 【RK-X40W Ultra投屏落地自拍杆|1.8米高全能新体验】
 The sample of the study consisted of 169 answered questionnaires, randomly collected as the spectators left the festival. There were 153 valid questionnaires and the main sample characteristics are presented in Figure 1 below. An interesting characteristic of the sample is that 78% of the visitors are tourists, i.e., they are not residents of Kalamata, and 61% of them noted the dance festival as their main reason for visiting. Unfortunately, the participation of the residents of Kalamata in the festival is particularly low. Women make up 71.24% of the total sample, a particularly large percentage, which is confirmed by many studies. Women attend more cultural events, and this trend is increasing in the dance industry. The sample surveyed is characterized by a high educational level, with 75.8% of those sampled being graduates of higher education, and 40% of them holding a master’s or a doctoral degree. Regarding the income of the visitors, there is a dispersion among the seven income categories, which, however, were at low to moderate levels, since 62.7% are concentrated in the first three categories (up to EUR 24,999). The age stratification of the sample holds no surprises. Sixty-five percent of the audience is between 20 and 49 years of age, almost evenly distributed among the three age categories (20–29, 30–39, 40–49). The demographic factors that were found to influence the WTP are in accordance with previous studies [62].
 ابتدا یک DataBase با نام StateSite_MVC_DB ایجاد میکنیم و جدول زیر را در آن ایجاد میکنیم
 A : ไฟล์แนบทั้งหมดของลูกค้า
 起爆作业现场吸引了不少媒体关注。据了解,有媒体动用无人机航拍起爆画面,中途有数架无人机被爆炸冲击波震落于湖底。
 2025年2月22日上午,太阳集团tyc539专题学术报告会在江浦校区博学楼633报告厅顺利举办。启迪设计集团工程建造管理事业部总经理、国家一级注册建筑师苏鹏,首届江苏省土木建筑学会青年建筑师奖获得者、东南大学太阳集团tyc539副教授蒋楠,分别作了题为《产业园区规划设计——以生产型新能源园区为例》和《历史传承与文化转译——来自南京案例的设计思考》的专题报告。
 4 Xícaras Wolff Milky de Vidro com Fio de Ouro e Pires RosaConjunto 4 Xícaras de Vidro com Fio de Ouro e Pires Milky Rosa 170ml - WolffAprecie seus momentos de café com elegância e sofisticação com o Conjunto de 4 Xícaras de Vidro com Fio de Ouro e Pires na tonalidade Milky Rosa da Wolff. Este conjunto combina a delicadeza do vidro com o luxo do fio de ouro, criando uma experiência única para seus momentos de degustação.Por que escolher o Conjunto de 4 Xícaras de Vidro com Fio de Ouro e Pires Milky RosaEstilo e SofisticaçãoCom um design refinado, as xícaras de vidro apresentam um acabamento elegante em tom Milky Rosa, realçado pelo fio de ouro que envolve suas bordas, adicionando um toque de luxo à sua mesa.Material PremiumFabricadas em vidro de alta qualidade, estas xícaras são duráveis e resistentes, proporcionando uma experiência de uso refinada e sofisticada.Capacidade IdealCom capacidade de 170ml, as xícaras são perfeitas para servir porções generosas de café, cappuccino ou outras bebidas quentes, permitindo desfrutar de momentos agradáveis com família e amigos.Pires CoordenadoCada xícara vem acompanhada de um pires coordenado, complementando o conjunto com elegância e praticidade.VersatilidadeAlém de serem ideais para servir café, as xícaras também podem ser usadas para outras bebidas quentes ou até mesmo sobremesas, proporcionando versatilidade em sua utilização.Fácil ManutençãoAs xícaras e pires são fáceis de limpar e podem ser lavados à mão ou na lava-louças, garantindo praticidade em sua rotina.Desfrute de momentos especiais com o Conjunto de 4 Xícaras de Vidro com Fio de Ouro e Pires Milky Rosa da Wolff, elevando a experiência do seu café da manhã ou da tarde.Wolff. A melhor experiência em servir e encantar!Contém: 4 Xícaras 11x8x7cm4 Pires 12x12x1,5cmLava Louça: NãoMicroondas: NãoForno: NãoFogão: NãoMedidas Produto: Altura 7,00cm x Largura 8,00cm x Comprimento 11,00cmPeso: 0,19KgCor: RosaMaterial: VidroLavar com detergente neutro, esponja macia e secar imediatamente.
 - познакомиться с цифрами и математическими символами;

○ ○ ○ ○ ○

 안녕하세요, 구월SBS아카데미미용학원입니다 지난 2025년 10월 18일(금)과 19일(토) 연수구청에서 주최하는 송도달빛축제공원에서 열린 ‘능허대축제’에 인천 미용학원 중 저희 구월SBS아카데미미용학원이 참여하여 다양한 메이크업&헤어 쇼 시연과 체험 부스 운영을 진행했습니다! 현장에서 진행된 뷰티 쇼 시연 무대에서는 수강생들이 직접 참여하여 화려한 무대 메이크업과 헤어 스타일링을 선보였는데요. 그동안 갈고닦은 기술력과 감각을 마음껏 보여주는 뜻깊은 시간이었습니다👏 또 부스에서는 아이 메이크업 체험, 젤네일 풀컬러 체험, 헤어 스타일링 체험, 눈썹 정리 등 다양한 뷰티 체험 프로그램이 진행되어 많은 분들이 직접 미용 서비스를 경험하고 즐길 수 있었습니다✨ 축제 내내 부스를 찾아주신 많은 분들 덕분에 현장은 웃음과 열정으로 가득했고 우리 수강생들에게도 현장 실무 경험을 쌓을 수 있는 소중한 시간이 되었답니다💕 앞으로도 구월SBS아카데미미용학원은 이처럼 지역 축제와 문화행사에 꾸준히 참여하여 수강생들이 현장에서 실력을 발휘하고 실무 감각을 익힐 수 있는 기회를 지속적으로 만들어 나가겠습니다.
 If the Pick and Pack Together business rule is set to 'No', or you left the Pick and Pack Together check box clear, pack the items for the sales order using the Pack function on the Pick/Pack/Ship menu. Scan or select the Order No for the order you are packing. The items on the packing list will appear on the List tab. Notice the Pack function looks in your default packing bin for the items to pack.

○ ○ ○ ○ ○

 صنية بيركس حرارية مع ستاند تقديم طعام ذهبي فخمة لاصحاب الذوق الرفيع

○ ○ ○ ○ ○

● **WHAT IS BEING ASKED**
Retype exactly the span of lines from the one with "The sample of" through the one with "2025年2月22日上午,太"; include both ends and omit the rest of the material.

● **REPLY**
 The sample of the study consisted of 169 answered questionnaires, randomly collected as the spectators left the festival. There were 153 valid questionnaires and the main sample characteristics are presented in Figure 1 below. An interesting characteristic of the sample is that 78% of the visitors are tourists, i.e., they are not residents of Kalamata, and 61% of them noted the dance festival as their main reason for visiting. Unfortunately, the participation of the residents of Kalamata in the festival is particularly low. Women make up 71.24% of the total sample, a particularly large percentage, which is confirmed by many studies. Women attend more cultural events, and this trend is increasing in the dance industry. The sample surveyed is characterized by a high educational level, with 75.8% of those sampled being graduates of higher education, and 40% of them holding a master’s or a doctoral degree. Regarding the income of the visitors, there is a dispersion among the seven income categories, which, however, were at low to moderate levels, since 62.7% are concentrated in the first three categories (up to EUR 24,999). The age stratification of the sample holds no surprises. Sixty-five percent of the audience is between 20 and 49 years of age, almost evenly distributed among the three age categories (20–29, 30–39, 40–49). The demographic factors that were found to influence the WTP are in accordance with previous studies [62].
 ابتدا یک DataBase با نام StateSite_MVC_DB ایجاد میکنیم و جدول زیر را در آن ایجاد میکنیم
 A : ไฟล์แนบทั้งหมดของลูกค้า
 起爆作业现场吸引了不少媒体关注。据了解,有媒体动用无人机航拍起爆画面,中途有数架无人机被爆炸冲击波震落于湖底。
 2025年2月22日上午,太阳集团tyc539专题学术报告会在江浦校区博学楼633报告厅顺利举办。启迪设计集团工程建造管理事业部总经理、国家一级注册建筑师苏鹏,首届江苏省土木建筑学会青年建筑师奖获得者、东南大学太阳集团tyc539副教授蒋楠,分别作了题为《产业园区规划设计——以生产型新能源园区为例》和《历史传承与文化转译——来自南京案例的设计思考》的专题报告。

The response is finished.